Only few cases of renal papillary hyperplasia have been reported in the literature so far: available publications are from Lauret and colleagues ⁴ in 1956, Moonen et al. ⁵ in 1961 and Whitaker and colleagues ⁶ in 1969. Their patients were all symptomatic (flank pain or macroscopic hematuria) and diagnosis of renal papillary hyperplasia was obtained after partial nephrectomy or radical nephrectomy, respectively.

Nowadays, the diagnosis and treatment can be achieved without such radical procedures. Türkvatan et al. ⁷ reported on a 25-year-old woman with painless hematuria, in whom hypertrophic renal papillae were diagnosed by multidetector CT urography and static fluid MR urography without obtaining biopsies and lacking histologic verification.

Recently, Birk and coworkers ⁸ published a case report with two female patients with persistent painless gross hematuria, who were both, as well as our patient, on hormonal contraception, and renal papillary hypertrophy was treated by holmium laser ablation, because in one patient the papilla was hypertrophic to the point of protrusion into the renal pelvis and in the other patient active oozing of blood was seen from the hypertrophic papilla.

We refrained to ablate the lesion as the patient was asymptomatic but chose a close follow-up regime with subsequent treatment if needed instead.

Owing to the lack of profound evidence, such as guidelines dealing with renal papillary hyperplasia, we suggest a close follow-up regime with regular visits every 4 months at the first year, including physical examination, ultrasonography, and urine cytology. CT or MRI studies may be performed twice a year. The latter may be prioritized because of the lack of radiation exposure.

Our follow-up strategy conforms to Türkvatan and Birk, who also suggested imaging studies twice a year.

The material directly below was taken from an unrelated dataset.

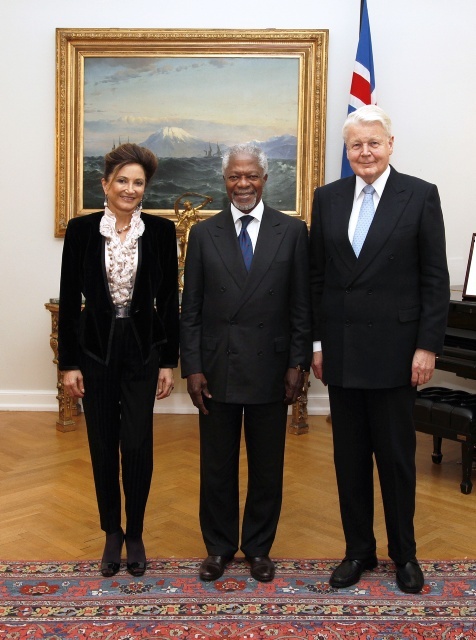 Forsetahjón ásamt Kofi Annan í móttökusal Bessastaða.

In case of changes on imaging studies or if the patients becomes symptomatic (e.g., bleeding), laser ablation through retrograde intrarenal surgery will be the treatment of choice. At our department, Holmium:YAG and Thulium:YAG devices are prevalent, which have both been shown to be safe and effective. ⁹ For both devices, 230 μm and 365 μm laser fibers can be used for ablation of tumors in the upper urinary tract with the corresponding laser settings. For instance, our Holmium:YAG laser (Auriga XL/4007, 120 W; StarMedTec GmbH, Starnberg, Germany) may be used with 1200 mJ and pulse of 18 Hz.

Conclusion

Despite being a rare condition, renal papillary hyperplasia should be considered not only in symptomatic but also in asymptomatic patients presenting with microhematuria and a pelvicaliceal contrast-filling defect in imaging studies. As imaging modalities cannot safely distinguish nonmalignant from malignant conditions, further endourologic assessment including biopsy leads to definitive diagnosis and avoids unnecessary surgical treatment of this benign condition in asymptomatic patients.